The monorail then arrived at its next station known as the mid monorail station, located roughly in the centre of the park. This station was situated between Shark Bay and the Sea World Theatre. From the mid monorail station, the track then travelled between the Sea World Resort's 1.6 ha water park (also available as an upcharge for Sea World guests) and Castaway Bay before arriving at the Sea World Resort and Water Park monorail station.

The final leg of the monorail circuit was the longest. It began by travelling alongside the Imagine Dolphin Show arena and Dolphin Cove pools before passing over Jet Rescue and through the Sea Viper. The track then ran alongside the main lagoon where Pirates Unleashed is held before making a small circuit around the Sea World carpark and returning to the main monorail station. All stations were located several metres above ground level and could be accessed via ramps or staircases.

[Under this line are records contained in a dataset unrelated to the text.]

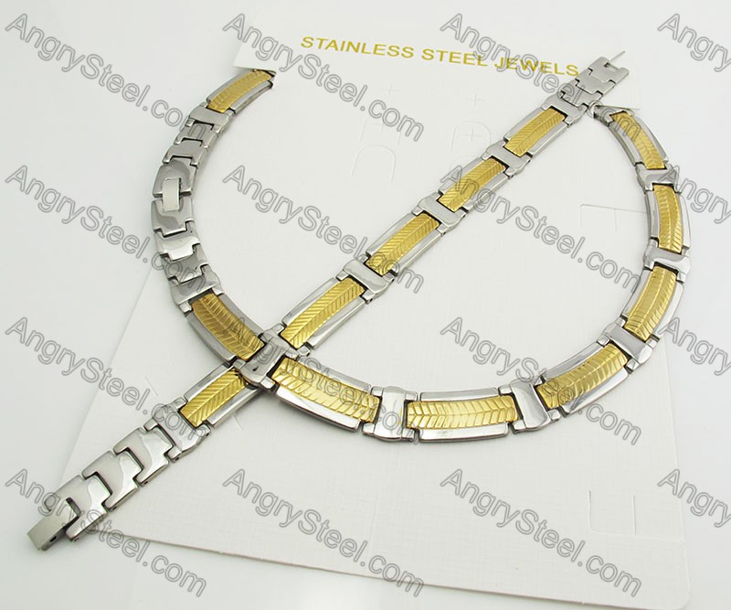 Assorted 3 colors of Silver, Black and Gold Plated Stainless Steel Chain Jewelry Sets - KJS180012 Price:$7.25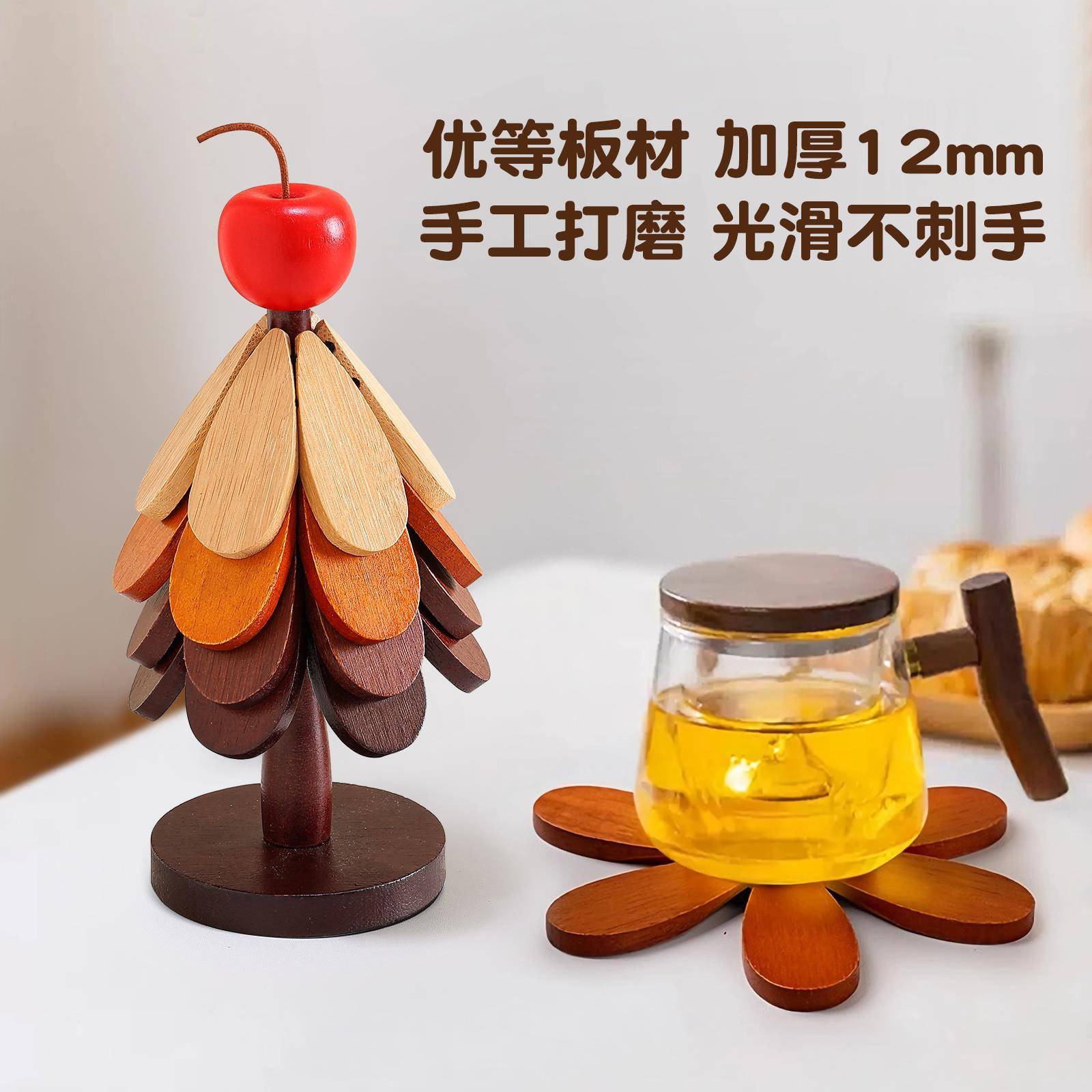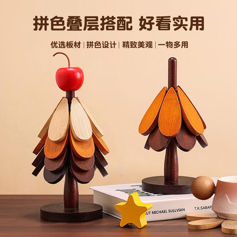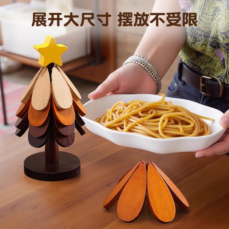 耶诞树隔热垫餐桌高级感摆件创意一棵树实木防烫锅垫折叠杯垫碗垫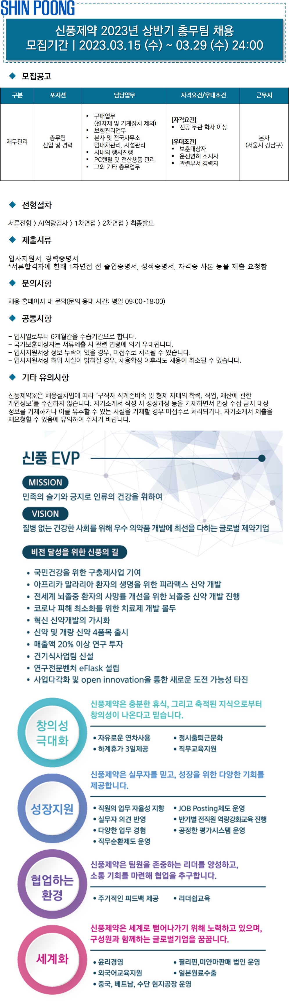 2023년 상반기 재무관리본부 총무팀 신입 및 경력 채용

Three trains, each with nine cars, were operated. Each of the trains could hold 96 passengers. The last car on each train was modified to accommodate wheelchairs and strollers. A section of transfer track was located above Sea World Resort's Water Park and Castaway Bay. This transfer track allowed trains to be removed from the main circuit and stored in a maintenance bay located directly under the mid monorail station.

It was rare for all three trains to operate on the same day. This only occurred occasionally in the peak summer season. One of the monorail trains previously operated at World Expo 88 in Brisbane in 1988 and was relocated to Sea World in 1989.